News and Congratulations
Hosted June 10-12 by Weill Cornell Medicine’s Clinical and Translational Science Center (CTSC), Entrepreneurship at Cornell, and NextJump, the Human Performance Hackathon brought together a multitude of professions – including doctors, entrepreneurs, medical students, engineers, computer scientists, and many others – from across the US and internationally. All came together with one goal in mind, to imagine the future of human performance and creating ways to enhance and improve it.
The event was held over three days and compromised of 18 teams formed, each working vigorously to come up with the best and most innovative idea that would help push human performance to the highest level. The reward for such hard work was a grand prize of $8,000, with a total of $25,000 for multiple awards. Mentored by almost 30 professionals, the teams worked late into the night and created as many working ideas as possible. There were creative breaks taken when respite was needed, including a pick-up game of basketball, a yoga Nidra session, and a dance-off among team members. Pictured below are participants taking a well-deserved break playing giant Uno.
The major goal of this Hackathon was to encourage participants through networking, mentorship, leadership, and skills building. With over 75 participants attending it allowed an environment to create authentic and meaningful connections amongst teams and mentors. Ideas were challenged and given the attention needed to help fully realize their concepts. One-on-one feedback was provided by the mentors who were leaders in their industries of academia, sports, medicine, technology, and the military. Participant I-Mei Liao stated she “left the event with a better understanding of the topic, new ideas, tools, friendship, inspirations, and a framework of work culture that I would like to build and pursue.” The Hackathon event provided workshops, lightning talks, and sessions built to help expand their tool set. The creators of the event wanted to ensure all participants walked away with the following key takeaways: strategies and tools for improving human performance, learning to scale cognitive bandwidth without burnout, and increased self-awareness.
Sponsors and supporters included Nextjump, where the event was held, Weill Cornell’s Clinical and Translational Science Center, and Entrepreneurship at Cornell. After beginning introductions participants could jump in with any ideas, or “pitches,” they had on how to increase human performance. Once pitches were completed, teams were formed, and ideas began to take flight. The first day went late into the night with participants filled with excitement and determination. Surrounded by the sleek and modern facilities of the event space the teams were inspired to work together and create. Teams consisted of an amalgamation of members at all different levels in their fields, bringing unique viewpoints to the working concepts.

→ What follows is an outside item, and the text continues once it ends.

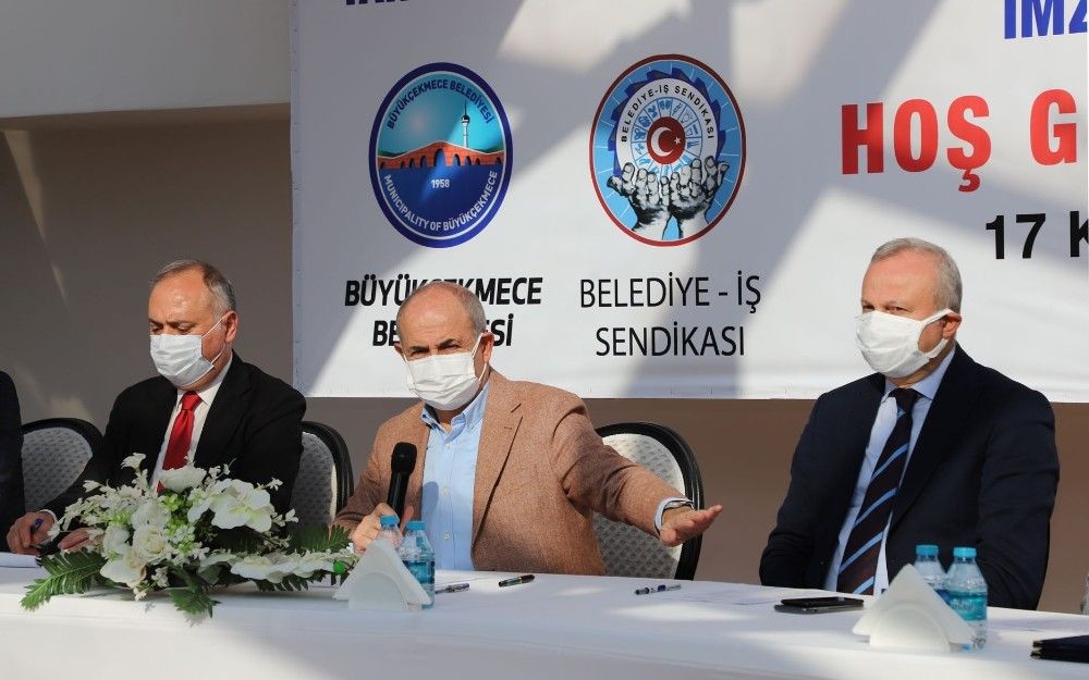 Belediye - İş Sendikası İstanbul 1 Nolu Şube Başkanı Sezai Akyürek, toplu iş sözleşmesinin Büyükçekmece Belediyesi ve Belediye - İş Sendikası için hayırlı olması temennisinde bulunarak şöyle konuştu; "Başta sayın belediye başkanımız olmak üzere sözleşme heyetimize katkılarından ve emeklerinden dolayı teşekkür ediyorum. Yılların birikmiş yasal mağduriyetini bu toplu iş sözleşmesiyle bir nebze de olsa tedavi etmenin sevincini yaşıyoruz. Değerli arkadaşlar bugün mutlu günümüz. Nihayet gerçek işverenimizle toplu iş sözleşmesi yapıyoruz. İlk sözleşme olmasından kaynaklı yılların birikmiş ücret dengesizliğini bir anda çözümlemek mümkün değil ama sayın başkanımız bu sorunu bildiğinden elinden gelen bütün imkanları zorladı. Kendilerine teşekkür ediyorum. İnşallah önümüzdeki sözleşmelerde bu ücret dengesizliği adım adım ortadan kalkacaktır."
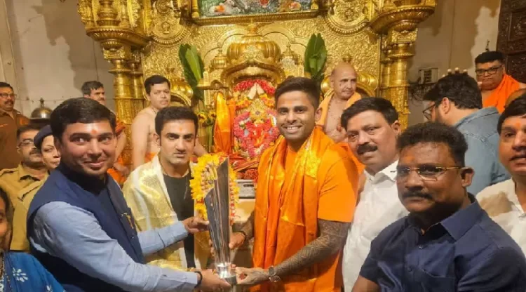 മുംബൈ ; ഐസിസി ടി20 ലോകകപ്പ് നേടിയ ഇന്ത്യൻ ടീം നായകൻ മുംബൈയിലെ പ്രശസ്തമായ ശ്രീ സിദ്ധിവിനായക ക്ഷേത്രത്തിൽ ട്രോഫിയുമായി എത്തി പ്രാർത്ഥന നടത്തി.ക്യാപ്റ്റൻ സൂര്യകുമാർ യാദവും മുഖ്യ പരിശീലകൻ ഗൗതം ഗംഭീറുമാണ് ദർശനം നടത്താൻ എത്തിയത്.

Six teams made it to the final round, with two teams taking home the grand prize after an intense round of presentations. Prizes were awarded for most forward-thinking, best demo, and most oscillating. Two grand prizes went to best scalability and best well-developed & immediate impact projects. The first grand prize went to, Team Pill Bill/Breath Buddy (Thasin Peyear, Alexander Lee, Alexander Tucker, and Mateo Saenz), whose project focused on increasing the correct usage of inhalers among asthmatic youth. They developed hardware monitoring, gamification, and dashboards to take control of users’ mental and physical states. The second grand prize won by Team Habitech (Kevin Chen, Connie Cui, Jackson Kim, Michelle Kong, Anita Lin, and Jiacheng Liu) focused on an app that would be used to help set reminders to develop and maintain users’ healthy habits.
A hackathon brings people from diverse backgrounds together to solve challenges in a fun and competitive environment. A hackathon celebrates the use of minimal resources and maximum brain power to create outside-the-box solutions ("hacks") in a constrained time frame. This year was very unique in the fact that this was the first time the CTSC has resumed this event in person since February of 2020. The themes pitched reflected the impact of COVID19with major focus on mental health and how to specifically cope with loneliness and depression. The switch to not only mental health but holistic health, in general, allowed the teams to work freely and discuss topics typically deemed stigmatized, bringing light to ideas that will no doubt be headlining in the future.